Additionally when you look at America’s universities, a significant number of students enrolled in the highly technical disciplines are foreign born and are increasingly taking their newfound skills to places other than the United States. Our country’s economic and national security is imperiled when this occurs and so is our homeland security.
That has to change and investing in America’s K-12 teachers is a way to do it.
There is an imperative need for our country to invest in the educational structures that enable students to get into higher education institutions in the first place. That comes from putting money into the training and compensation for K-12 teachers, especially those in the science, technology, engineering and mathematics disciplines.
Without a technically sound society, successful preparedness and mitigation cannot occur. It should be noted that at the core of every homeland hazard is science and technology. Whether natural or human-caused disasters, every threat originates from some scientific or technological phenomenon. While politics, history and economics may be the first things that people think of when one of these unfortunate incidents occurs, without some application of science or technology, none of these incidents occur. The same holds true for the solutions to these always present threats; they too are based in science and technology.
While federal investments by DHS and the Obama Administration have increased to attract new, technically versed talent to serve in critical areas, investments by these same parties into educators that can develop future talent are a must. The K-12 educational years are the foundation for interest, enthusiasm and technical competence; they prepare students for the rigors and challenges that come with higher education. Without such a foundation, the talent needed to serve our nation’s interests in major areas will be unfulfilled, leaving our preparedness and response abilities lacking.
It should also be recognized that all of DHS’ components and mission areas engage in public outreach to help the public better understand their respective roles. Matching these outreach efforts to the unique needs of educators can help build a culture of preparedness in rising generations of students. Let’s face facts – real homeland security occurs in places far from Washington DC and the Beltway. It occurs in the towns across the country facing hazards that are as similar as they are different from one another. Engaging educators in helping young minds understand the threats forges the creativity and resolve to mitigate them and be resilient.

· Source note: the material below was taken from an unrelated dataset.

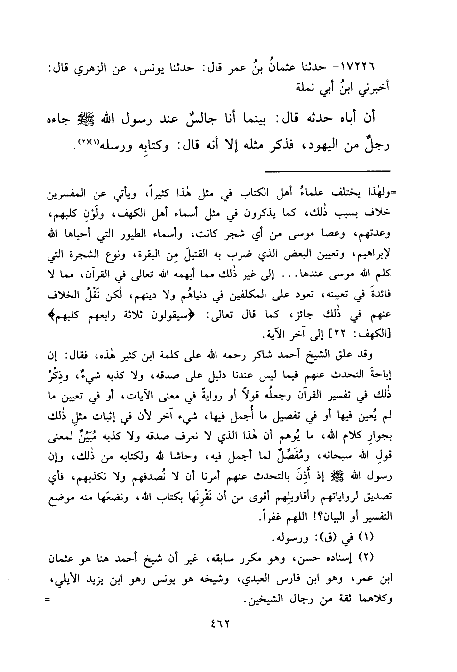 وقد علق الشيخ أحمد شاكر رحمه الله على كلمة ابن كثير هذه، فقال: إن إباحةَ التحدث عنهم فيما ليس عندنا دليل على صدقه، ولا كذبه شيءٌ وذِكْرُ ذلك في تفسير القرآن وجعلُه قولاً أو روايةً في معنى الآيات، أو في تعيين ما لم يُعين فيها أو في تفصيل ما أُجمل فيها، شيء آخر لأن في إثبات مثلِ ذلك بجوارِ كلام الله، ما يُوهم أن هذا الذي لا نعرف صدقه ولا كذبه مُبَيِّنٌ لمعنى قولِ الله سبحانه، ومُفَصَّل لما أجمل فيه، وحاشا لله ولكتابه من ذلك، وإن رسول الله صَلَّى اللهُ عَلَيْهِ وَسَلَّمَ إذ أَذِنَ بالتحدث عنهم أمرنا أن لا نُصدقهم ولا نكذبهم، فأي تصديق لرواياتهم وأقاويلِهم أقوى من أن نَقْرِنَها بكتاب الله، ونضعَها منه موضع التفسير أو البيان؟ ! اللهم غفراً.

As the Hart-Rudman Commission Report concluded in January 2001:
The inadequacies of our systems of research and education pose a greater threat to U.S. national security over the next quarter century than any potential conventional war that we might imagine. American national leadership must understand these deficiencies as threats to national security. If we do not invest heavily and wisely in rebuilding these two core strengths, America will be incapable of maintaining its global position long into the 21st century.
There is no facet of American life left untouched by this new experiment called homeland security. As such, aiding the development of its next generation of practioners is in DHS and nation’s best interests and considering its foundations is a worthy and rewarding investment. By investing in standards-based educational curricula and showing students how hard-science disciplines support the various homeland security missions, new generations of public and private sector leaders will be ready to face challenges that will happen locally, nationally and internationally.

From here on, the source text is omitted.